Winona Ryder jak mały homoseksualista

Winona Ryder stała się w dzieciństwie ofiarą szkolnej przemocy.

Winona Ryder jak mały homoseksualista

28.05.2009 13:33

Przyszła gwiazda zakładała do szkoły nietypowe ubrania, co nie pomagało jej w zjednaniu sobie sympatii rówieśników.

- Kupowaliśmy ubrania w Armii Zbawienia - wspomina Ryder. - Ja dostawałam zawsze trzyczęściowe chłopięce garnitury z lat 70. Miałam naprawdę krótkie włosy i trzeciego dnia siódmej klasy dzieciaki rzuciły się na mnie na korytarzu myśląc, że jestem homoseksualnym chłopcem.

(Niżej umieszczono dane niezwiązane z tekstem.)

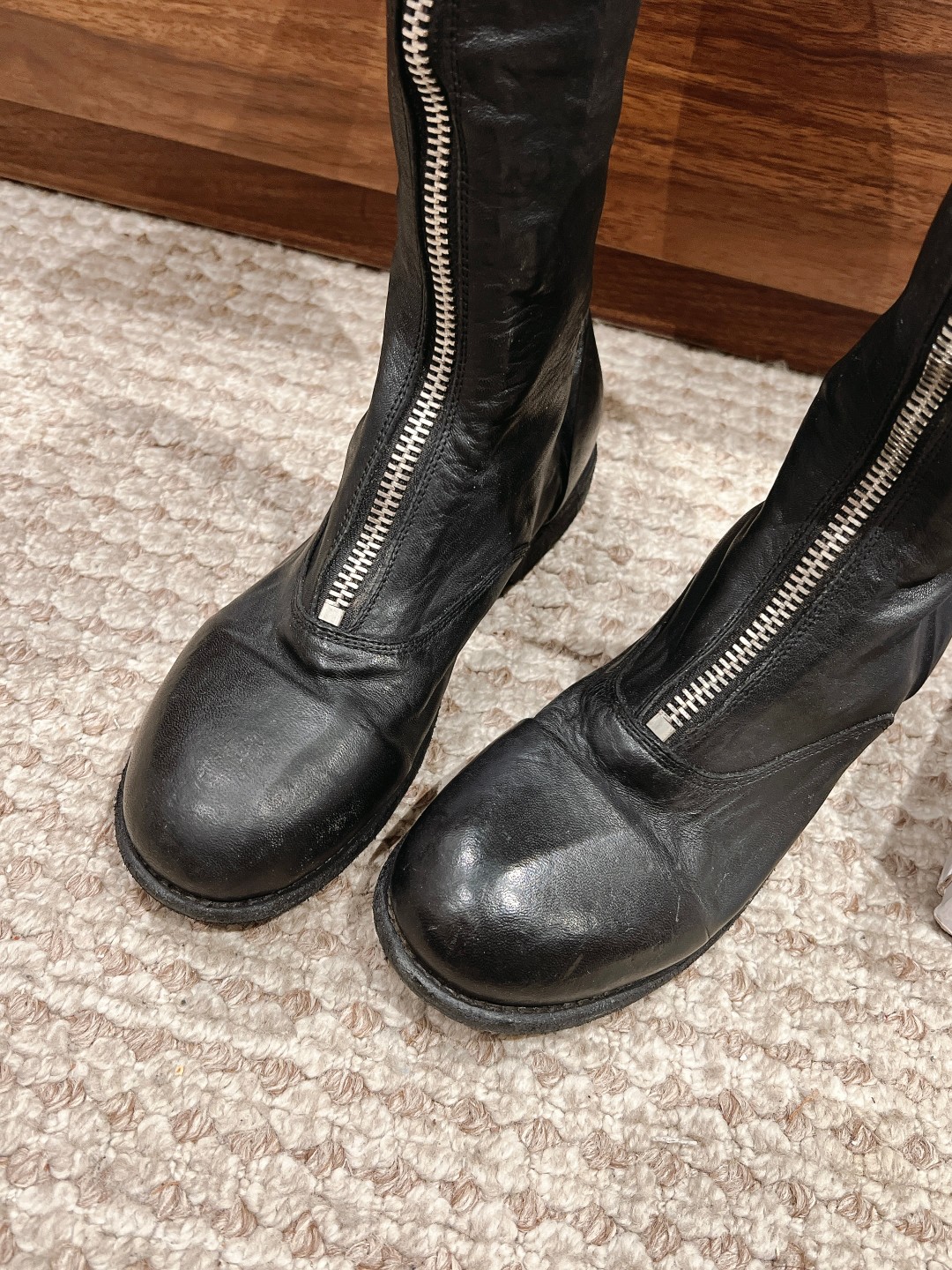 Home • Shoe • Top version Guidi washed retro Chelsea Derby handmade shoes. Unique irregular design, natural aged look. Thick sole enhances proportions. Upper: washed horsehide, lining: washed cowhide, sole: imported. Sizes 35-40.
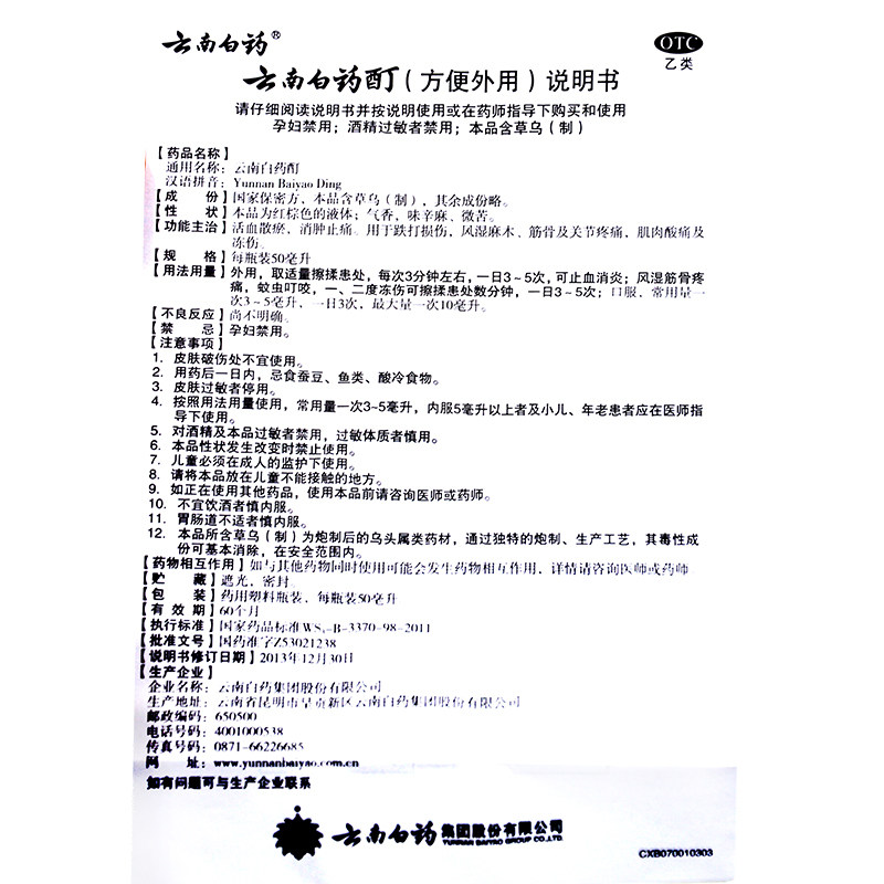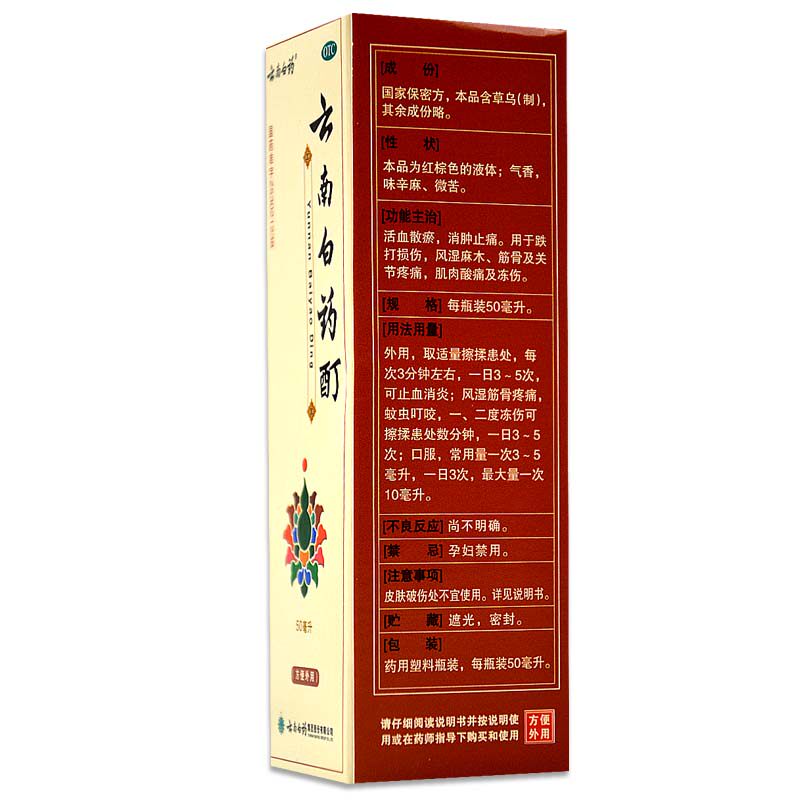 云南白药 Юньнан Байяо М 50 мл кровообращения кровообращения кровообращения, стазиса, отек, облегчения боли, мышц и костей, боль в суставах
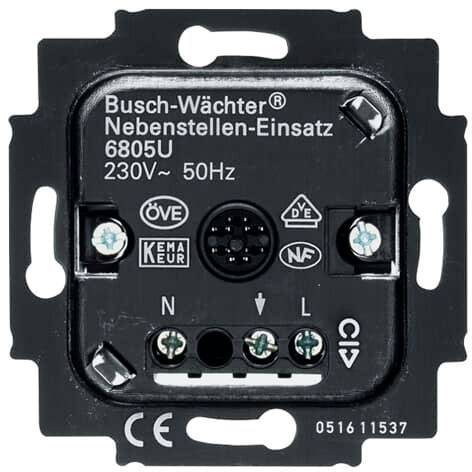 3-Leiter-Anschlusstechnik (Neutralleiter erforderlich).Zur Erweiterung von Busch-Wächter® 180 UP und Busch-Wächter® Präsenz tech Installationen.Zur Kombination mit Relais-Einsatz 6401 U-102 und 6402 U.Zur Kombination mit MOS-Fet-Einsatz 6804 U-101.Zur Kom
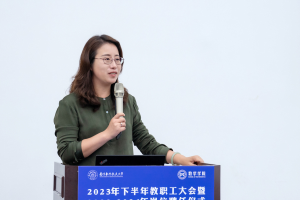 9月15日下午,数学学院召开了2023年下半年教职工大会暨2023-2026年岗位聘任仪式,学院领导班子成员和全体教职工参加了会议,会议由学院党委副书记周佼佼主持。
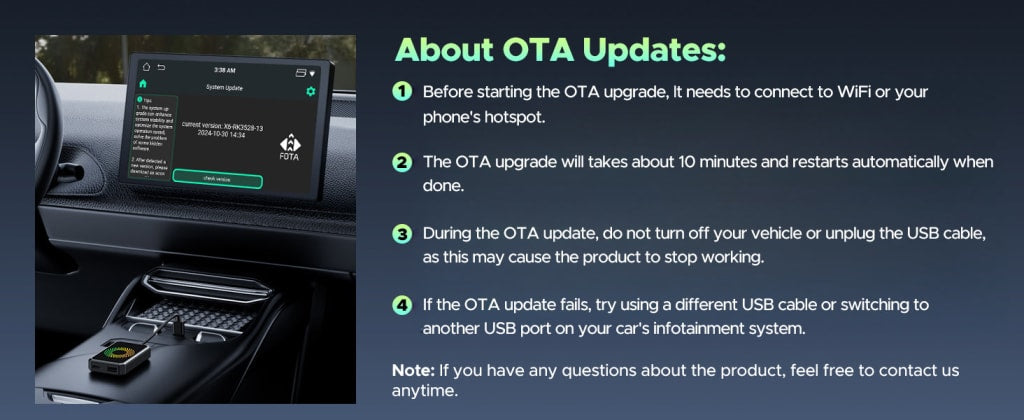 Plug the box into your car’s USB port, enable CarPlay on your iPhone, and enjoy automatic wireless connection.
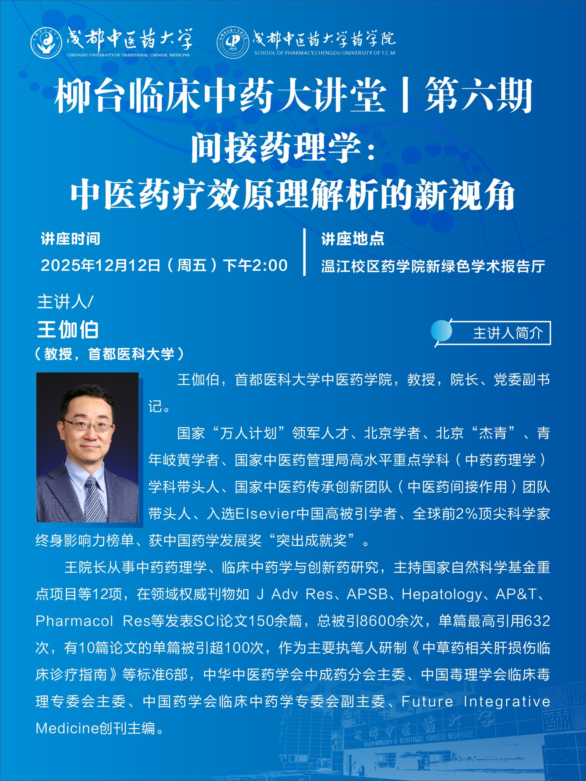 会议预告丨柳台临床中药大讲堂第六期 发布时间:2025-12-12 10:25:48 浏览次数: 次 【字体:小 大】 题 目:间接药理学:中医药疗效原理解析的新视角时 间:2025年12月12日(星期五) 下午14:00地 点:温江校区药学院新绿色学术报告厅主讲人:王伽伯 首都医科大学主 办:beat365在线唯一官网 beat365在线唯一官网药学院 【打印正文】 上一条:学术成果丨beat365官网学者在川芎水稻轮作内在机制解析系列研究中取得新进展 下一条:会议预告丨药苑讲座
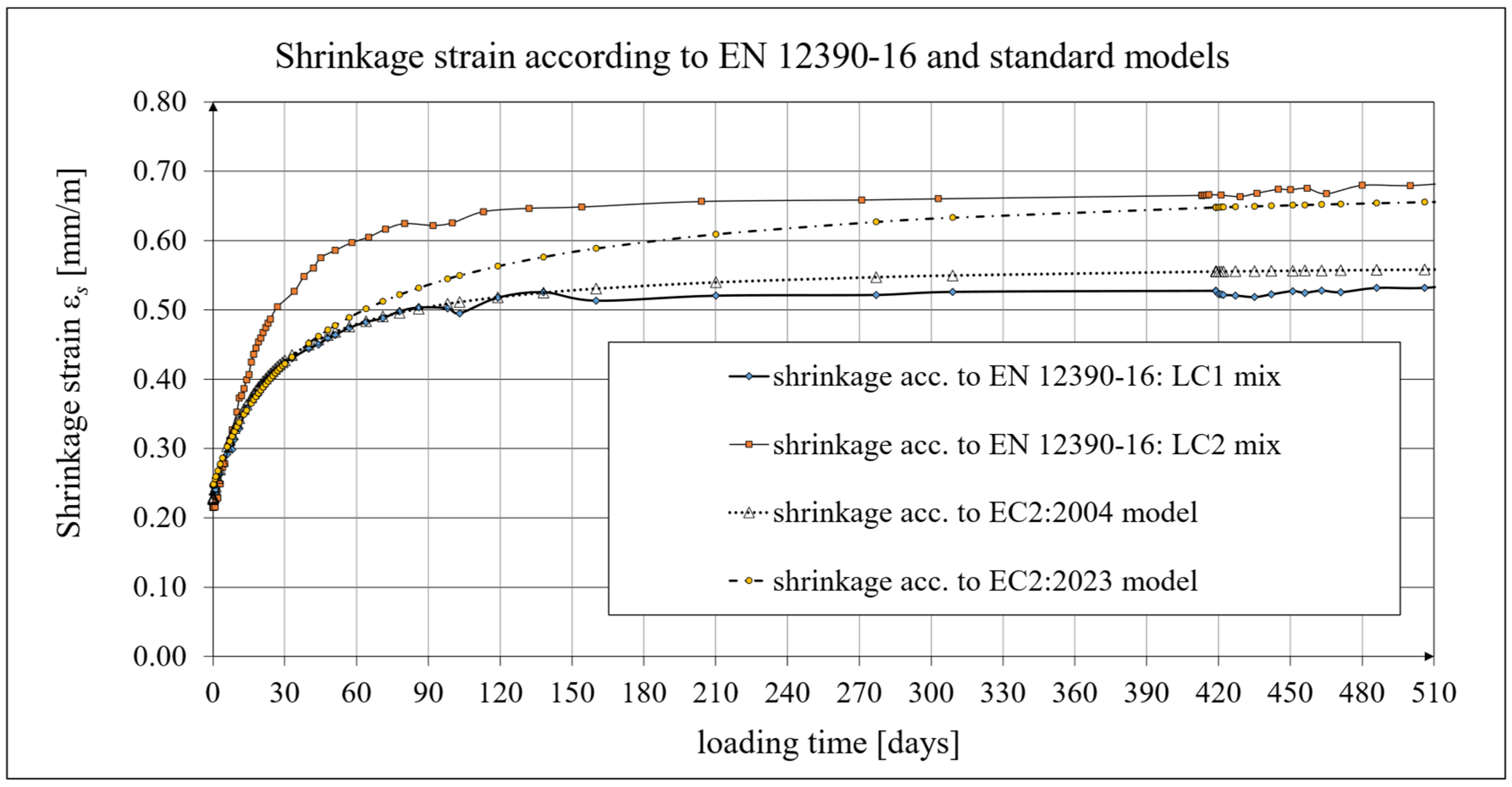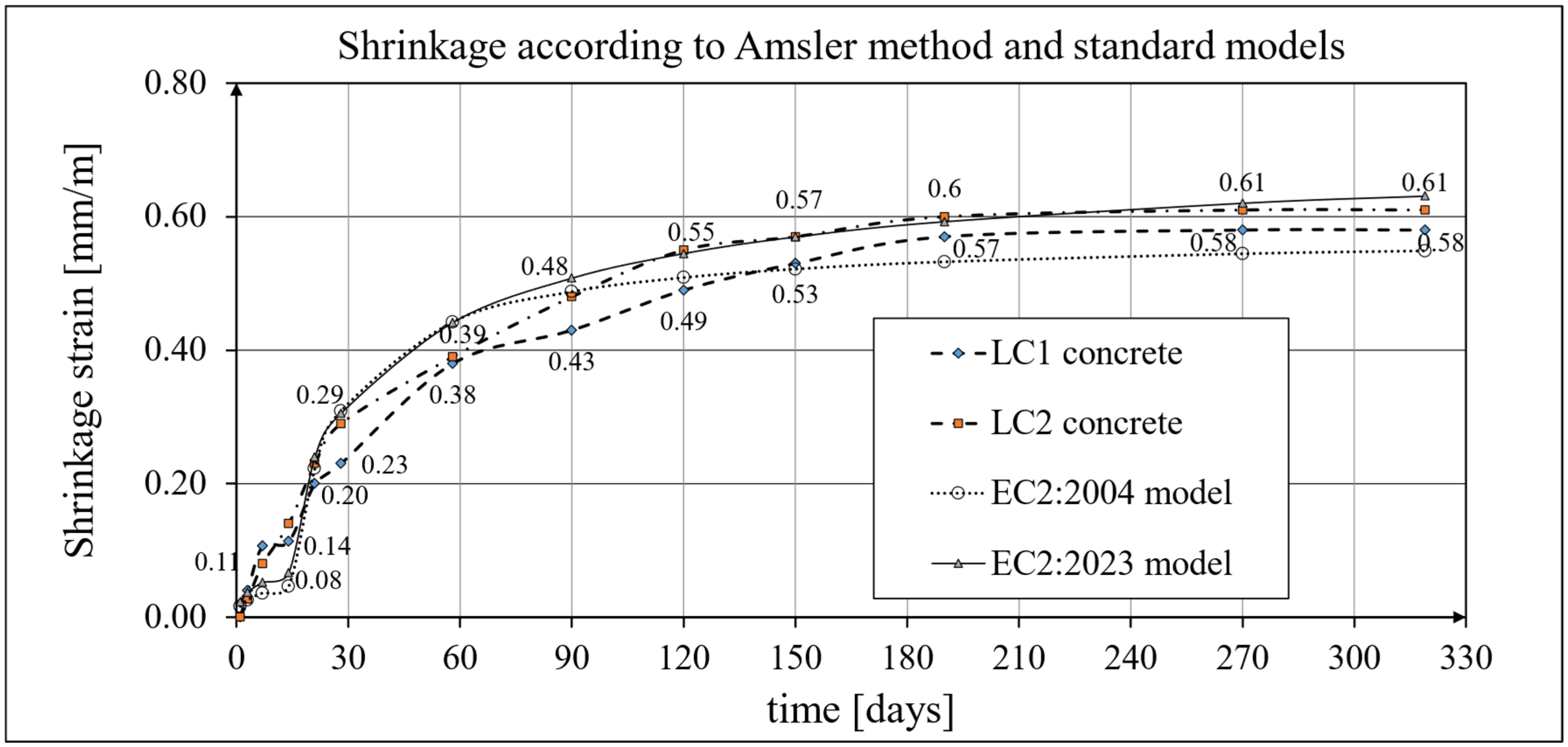- A limitation of the study was the relatively large scatter in the shrinkage results for the LC2 concrete mix, tested in accordance with the European standard, which was caused by variations in the moisture content of the aggregate used in the production of this concrete mix (the mix production took place outside the ITB laboratory).

Dostało mi się lanie.

Aktorka zapewnia, że sława, którą zyskała kilka lat później, wcale nie ułatwiła jej sytuacji.

- Właśnie zrobiłam "Drakulę" i "Edwarda Nożycorkiego" - wspomina Ryder. - Przeżyłam pierwsze prawdziwe rozstanie, po raz pierwszy złamałam serce. Ironia polega na tym, że ludzie myśleli, że mam wszystko, czego można chcieć. Nie miałam powodu do depresji, byłam u szczytu, ale wewnątrz czułam się całkiem zagubiona. Cały czas czułam jednak, że nie mogę się skarżyć, bo przecież mam takie szczęście.

Winonę Ryder możemy podziwiać od 8 maja w obrazie "Star Trek".